Four out of 10 student loans may never be repaid
Whitehall is concerned that almost 40% of the money lent to students will not be repaid (Thinkstock)
THE Treasury is quietly re-examining the £9,000-a-year tuition fee system because officials believe it is “financially unsustainable”.
The trebling of fees led to demonstrations and a crisis in the coalition, but Whitehall is now understood to be concerned that almost 40% of the money lent to students by the taxpayer to pay for their courses will never be repaid.
The crisis has been caused in part by concessions made to help Nick Clegg, the deputy prime minister, secure the agreement of rebellious Liberal Democrat backbenchers. These included a reduction in the repayments that low-income graduates will be required to make.
The fall in student numbers has also been far smaller than expected, so more loans are having to be paid out than the Treasury had forecast.
The fear is that, far from saving the taxpayer money, the cost to the public purse could go up.
When the fee system — which came into force only last year — was designed, the Treasury anticipated that about 28% of loans would never be repaid. Those estimates have gradually increased.
Solutions could range from increasing the interest rates charged to students to imposing harsher repayment terms.
Labour is expected to pledge a cut in maximum tuition fees to £6,000. This would help the Treasury by reducing the sums that had to be paid out in loans, but would anger higher education bosses.
Others support cutting student numbers or removing the cap on tuition fees altogether and increasing the role of private finance in offering student loans.
A senior source said: “The Treasury are all over this and are extremely worried about the viability of the system.
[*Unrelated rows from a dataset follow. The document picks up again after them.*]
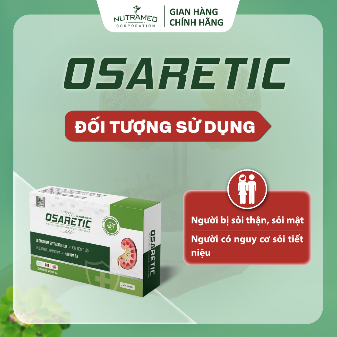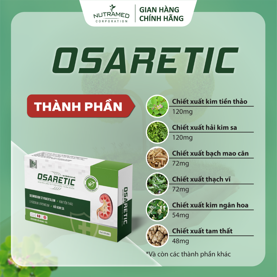 OSARETIC - Giải pháp giúp tăng cường đào thải cặn lắng trên đường tiết niệu, giảm nguy cơ sỏi tiết niệu, sỏi mật THÀNH PHẦN  ️  Desmodium styracifolium extract (chiết xuất Kim tiền thảo); Lygodium japonicum extract (chiết xuất Hải kim sa); Imperata cylindrica extract (chiết xuất Bạch mao căn); Pyrrosia lingua extract (chiết xuất Thạch vĩ); Lonicera japonica extract (chiết xuất Kim ngân hoa); Panax notoginseng extract (chiết xuất Tam thất); Millettia Dielsiana Harms extract (chiết xuất Kê huyết đằng); Orthosiphon aristatus extract (chiết xuất Râu mèo); Dianthus superbus extract (chiết xuất Cù mạch)   CÔNG DỤNG    ️  Giúp lợi tiểu, lợi mật, hỗ trợ tăng cường đào thải cặn lắng trên đường tiết niệu, giúp giảm nguy cơ hình thành sỏi tiết niệu, sỏi mật.     ĐỐI TƯỢNG SỬ DỤNG  ️  Người bị sỏi thận, sỏi mật. Người có nguy cơ sỏi tiết niệu.   HƯỚNG DẪN SỬ DỤNG  ️  Ngày uống 2 lần, mỗi lần uống 1 – 2 viên, uống trước khi ăn.   KHÔNG SỬ DỤNG TRONG TRƯỜNG HỢP  ️  Người mẫn cảm, kiêng kỵ với bất kỳ thành phần nào của sản phẩm.   LƯU Ý  ️  Người có sỏi kích thước lớn, có biến chứng gây chảy máu hay nhiễm trùng cần phải có ý kiến của thầy thuốc khi sử dụng.  ️  Thực phẩm này không phải là thuốc, không có tác dụng thay thế thuốc chữa bệnh.   BẢO QUẢN   ️  Nơi khô ráo, nhiệt độ dưới 30°C, tránh ánh sáng mặt trời.  ️  Để xa tầm tay trẻ em.   THÔNG TIN SẢN PHẨM Tên sản phẩm: NOVASTONE Quy cách: Hộp 3 vỉ x 20 viên. Hạn sử dụng: 36 tháng kể từ ngày sản xuất. Tiêu chuẩn: TCCS   _ NUTRAMED - KHƠI NGUỒN KHOA HỌC TỚI CUỘC SỐNG   Nhà máy đạt chuẩn WHO – GMP. Nguyên liệu được kiểm tra chất lượng khắt khe bởi nhà máy đạt chuẩn GMP.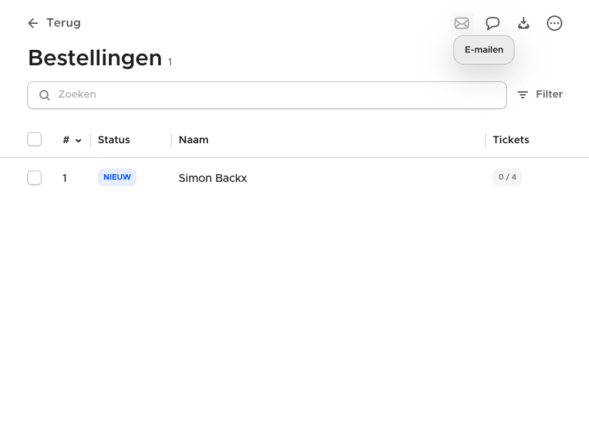 - Klik bovenaan op het 'Enveloppe'-icoontje om een e-mail op te stellen. Als je geen selectie had gemaakt, zal Stamhoofd naar alle bestellingen een e-mail versturen.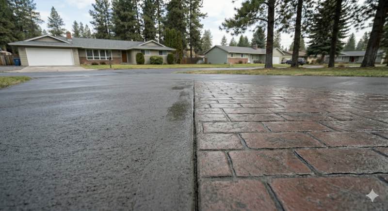 Driveway size and shape. This one's obvious but worth saying clearly. A 400-square-foot driveway and an 800-square-foot driveway aren't just different in size. They're different in material volume, labor hours, and prep time. Odd shapes matter too. L-shaped driveways or ones that curve around a garage take more effort to form and finish than a simple rectangle. We see this a lot in Spokane Valley neighborhoods like Greenacres and Ponderosa, where homes built in the 1970s and 1980s often have wider, angled driveways that add complexity.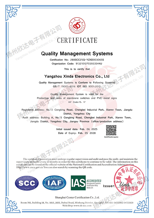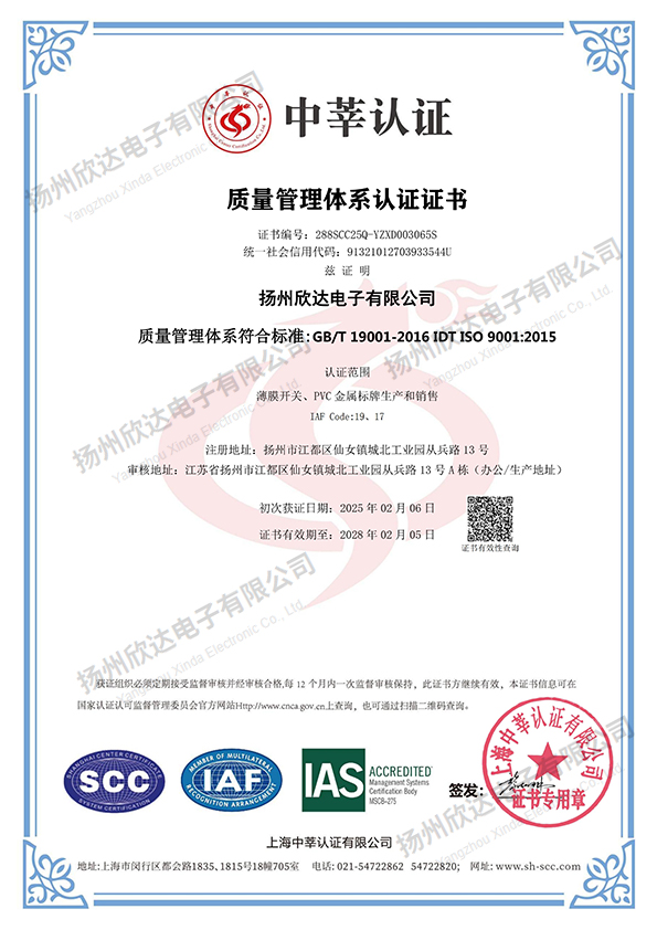 揚(yáng)州欣達(dá)電子有限公司是一家從事電子輕觸薄膜開(kāi)關(guān),薄膜面板及PVC、金屬標(biāo)牌,不干膠貼,噴塑、烤漆絲印面板等各種絲印工藝的有限責(zé)任公司。公司位于風(fēng)景秀麗的文化名城江蘇揚(yáng)州市江都區(qū)。自1993年建廠(chǎng)以來(lái),我們致力于信譽(yù)至上,顧客為首的原則,及時(shí)為廣大客戶(hù)提供合格滿(mǎn)意的產(chǎn)品:堅(jiān)持著質(zhì)量為首,持續(xù)改進(jìn)的方針,狠抓品質(zhì)管理,取得了客戶(hù)的認(rèn)可:履行著誠(chéng)信、互惠的宗旨,贏(yíng)得了客戶(hù)的支持和信任。目前公司擁有先進(jìn)的絲網(wǎng)印刷設(shè)備,熟練的業(yè)務(wù)技術(shù)骨干和嶄新適用的廠(chǎng)房,每年為全國(guó)各地的客戶(hù)提供數(shù)億的合格產(chǎn)品。我們把“誠(chéng)信、務(wù)實(shí)、求精、創(chuàng)新”作為我們的企業(yè)宗旨,在經(jīng)營(yíng)管理中貫徹“以人為本,精益求精”的經(jīng)營(yíng)理念;在生產(chǎn)管理中嚴(yán)格按ISO9001質(zhì)量體系落實(shí)生產(chǎn); 在為客戶(hù)服務(wù)過(guò)程中按照產(chǎn)品的分類(lèi)提供多種設(shè)計(jì)方案,讓我們產(chǎn)品更好體現(xiàn)客戶(hù)的理念。...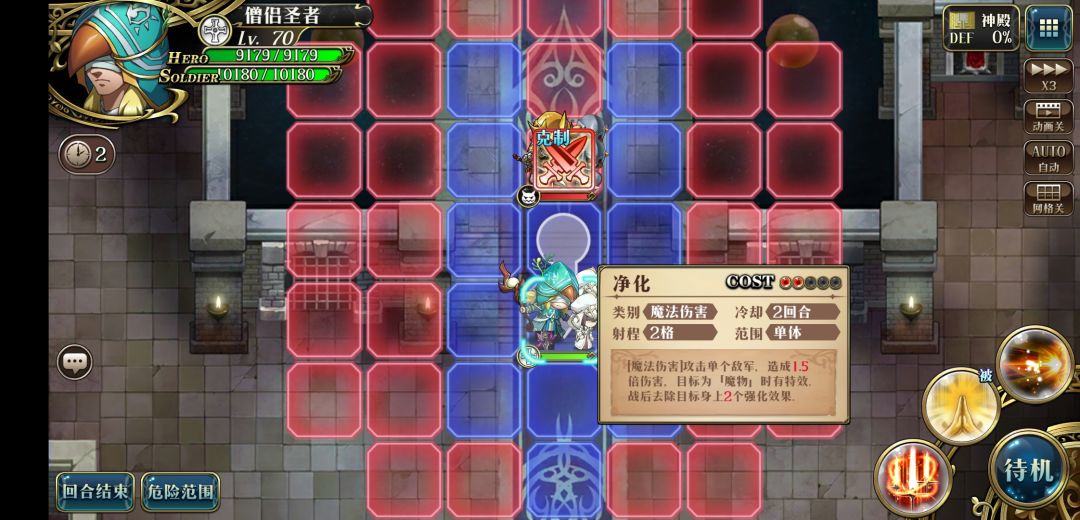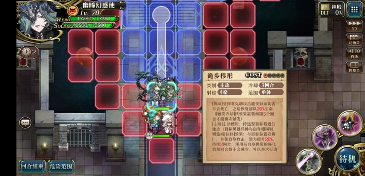 8.幻惑使用1c和枪兵换位,自己和僧兵幻惑,用3c打到枪兵一条命,回合结束后胜利

They are taking a very long-term view but their estimate for non-repayment keeps going up. It is not helped by the recession, which means graduate incomes are going to be lower than they hoped.”
There are also fears that it will prove virtually impossible to chase down the growing numbers of European Union students to repay their tuition fee loans.
Reopening the debate on tuition fees would be politically explosive. Sir Steve Smith, vice-chancellor of Exeter University and former president of Universities UK, said: “It is inconceivable the government would want to reopen this issue before an election because the only way you can save money is to cut student numbers going to university or alter payment terms.
“Either is a political no-go area before an election.”
A Treasury spokesman said the reforms had “put higher education funding on a sustainable footing in the long term”.
Further concerns about the tuition fee system are being raised this weekend by a senior independent schools leader who says teachers need to do more to inform parents and pupils about the debts they could accumulate under the new fees regime.
Barnaby Lenon, chairman of the Independent Schools Council and former head master of Harrow, said students on four-year courses would have debts of up to £80,000 on graduation, once borrowing for living costs was included.
He said they faced paying it back over 30 years, with current annual interest rates on the loans for students at university at 6.6%.
“If you were an adult taking on this size mortgage you would go through a rigorous process which guarantees that you understand what you are taking on. That is not happening with 17 and 18-year-olds,” he said.